The Constitutional Court in Blantyre has dismissed an application filed by Southern Africa Litigation Centre and Canadian HIV/Aids Network which raised a number of demands regarding the rights of women.
The applicants sought a declaration to the effect that Section 17 of the Married Women Property Act, 1882 is inconsistent with the rights of equality and women’s property rights as enshrined in Sections 20(1), 24(1 (b)(i), and 28 of the Constitution of Malawi.
Alternative to the making of this declaration, the applicants stated that the statute which contains this provision should be read in the light of constitutional provisions that safeguard women’s property rights.
But the Attorney General (AG) Anthony Kamanga, through lawyers from his chamber, objected to the application, arguing that the applicants’ interest in the matter was hypothetical, moot, or academic, and that it sought the advisory opinion of the court, than a judicial determination from it on an issue that is truly in dispute.
Prominent lawyer Ralph Kasambara also joined the case as a friend of court to oppose the application by the applicants.
Lawyers that represented the AG were Thabo Chakaka Nyirenda, Steven Kayuni, Thabo Nyirenda, and Joseph Chiume. Dismissing the application last week Friday, three judges Anaclet Chipeta, John Katsala and John Chirwa said it was clear that in the absence of the applicants having suffered a violation of rights and in the absence of a woman who has suffered this type of disadvantage being in the driving seat of the intended public interest litigation, such interest as the applicants had claimed it had for commencing the matter was all distant and remote.
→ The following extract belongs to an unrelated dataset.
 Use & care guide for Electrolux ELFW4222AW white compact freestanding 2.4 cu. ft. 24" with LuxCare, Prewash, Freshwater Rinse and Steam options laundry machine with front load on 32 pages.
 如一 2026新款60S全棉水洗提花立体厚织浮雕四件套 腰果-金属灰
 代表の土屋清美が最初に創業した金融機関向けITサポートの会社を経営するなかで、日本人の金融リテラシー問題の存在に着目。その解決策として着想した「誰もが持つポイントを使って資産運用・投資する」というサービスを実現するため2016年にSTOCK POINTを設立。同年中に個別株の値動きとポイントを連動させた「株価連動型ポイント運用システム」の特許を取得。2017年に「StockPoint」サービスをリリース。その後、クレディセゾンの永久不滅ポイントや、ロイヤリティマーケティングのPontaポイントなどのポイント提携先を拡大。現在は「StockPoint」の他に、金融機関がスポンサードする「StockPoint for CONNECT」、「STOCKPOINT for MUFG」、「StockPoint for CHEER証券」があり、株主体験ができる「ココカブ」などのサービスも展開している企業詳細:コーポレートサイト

Chipeta, reading the ruling on behalf of his colleagues, said: “Suing on the basis that the Trust Deed’s objectives coincide with women’s rights in the Republican Constitution, and on the basis that women (not mentioned and not involved in the case) have been complaining to the Trust, and on the basis that the Trust’s research has led to the conclusion that there is a problem, is not sufficient interest in the manner the existing authorities construe that expression under Section 15(2) of the Constitution.
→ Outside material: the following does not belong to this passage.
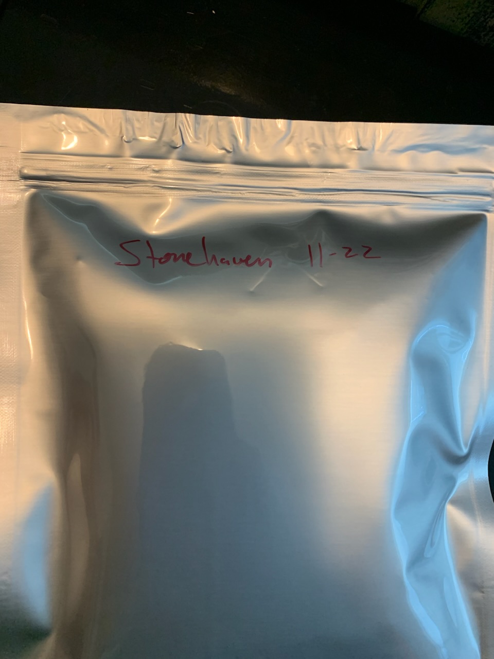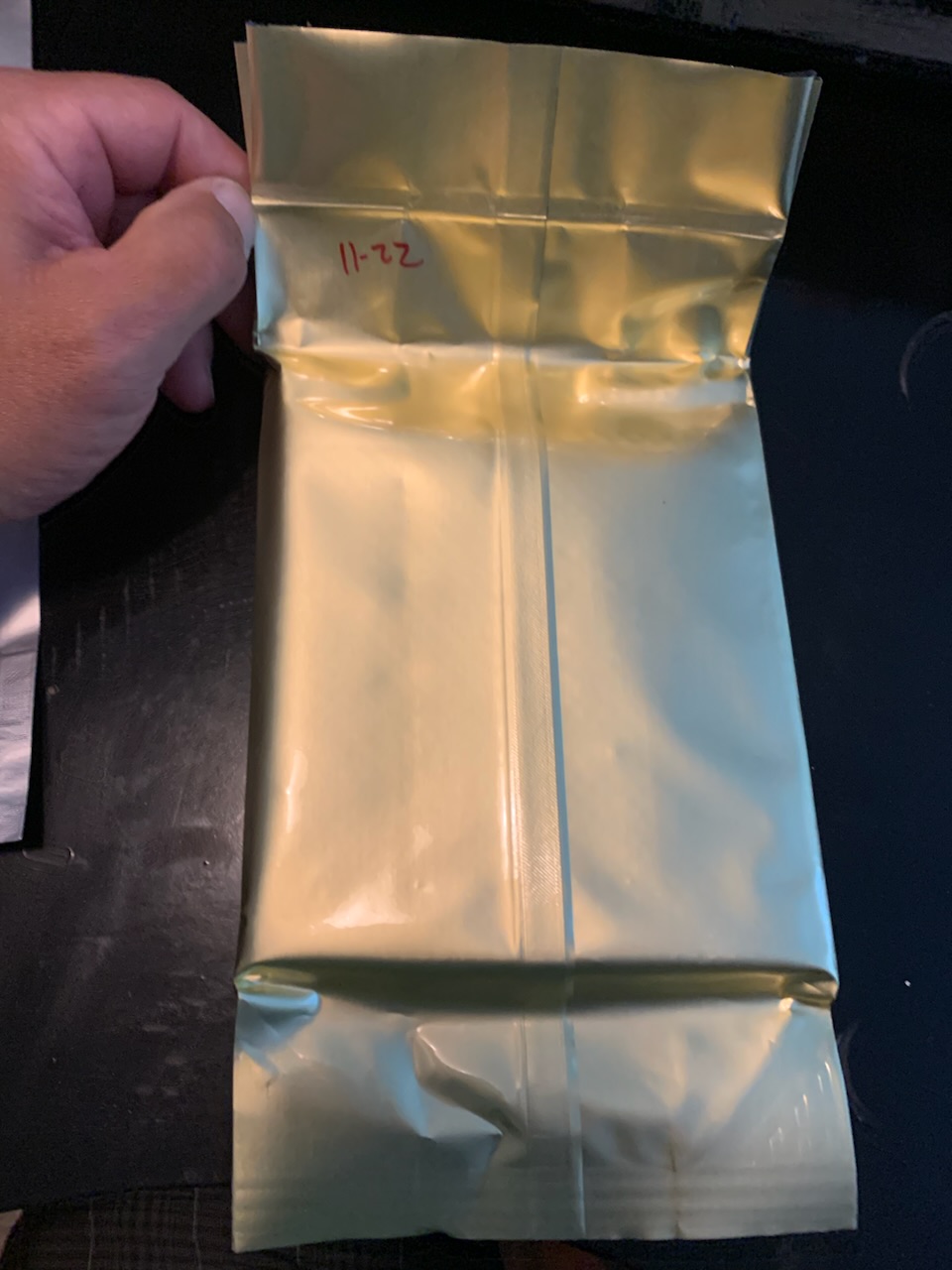 8 oz bag purchased in November of 2022 and kept in a cool, dry cellar and in mylar. Gold bag looks pristine, good luck and enjoy!

“…In the circumstances, we have no option but to dismiss the applicant’s originating motion herein, which we now do with costs.”
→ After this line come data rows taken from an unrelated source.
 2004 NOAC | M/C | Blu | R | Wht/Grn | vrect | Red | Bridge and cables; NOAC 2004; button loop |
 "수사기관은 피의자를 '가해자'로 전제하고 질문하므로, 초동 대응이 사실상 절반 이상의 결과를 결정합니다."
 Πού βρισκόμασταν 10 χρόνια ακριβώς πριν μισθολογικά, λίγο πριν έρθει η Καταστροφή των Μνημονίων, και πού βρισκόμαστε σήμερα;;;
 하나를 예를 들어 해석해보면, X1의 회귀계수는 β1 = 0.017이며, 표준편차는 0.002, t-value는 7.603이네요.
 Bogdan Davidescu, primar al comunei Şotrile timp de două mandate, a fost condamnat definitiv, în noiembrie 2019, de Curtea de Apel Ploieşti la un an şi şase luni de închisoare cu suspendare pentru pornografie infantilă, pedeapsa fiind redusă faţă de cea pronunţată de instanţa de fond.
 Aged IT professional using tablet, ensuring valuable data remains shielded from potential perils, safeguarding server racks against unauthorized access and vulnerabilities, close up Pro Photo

The applicants wanted Declaratory Orders in terms of Sections 13, 20(2) and 24(1 (2) of the Constitution of Malawi, which guarantees all person equal and effective protection against discrimination on grounds of race, colour, sex, property among other status.
They also wanted adoption and implementation of legislation aimed at promoting gender equality for women and men, and in particular, policies that address social issues such as domestic violence, security of the person, lack of maternity benefits, economic exploitation, and rights to property.
They also wanted the passing of legislation that addresses inequalities in society and prohibiting discriminatory practices and elimination of laws that discriminate against women on basis of gender or marital status, particularly those that deprive women of their property rights.
The applicants, represented by lawyer Samuel Tembenu, argued that the failure by government to pass such legislation, since the adoption of the Republican Constitution in 1994, has resulted in inequalities and discrimination being perpetrated against women.
According to the ruling, Kasambara asked for the indulgence of the court to allow him to present his application orally.
He founded his said application on the qualifications he holds in Human Rights Law, his research and his publications in the area, and on the fact that he is a husband and a parent, who thus would be liable to be affected by the outcome of the decision in this matter.
Kasambara, the ruling stated, made it clear that his aim was to oppose the application that had been made by the applicants.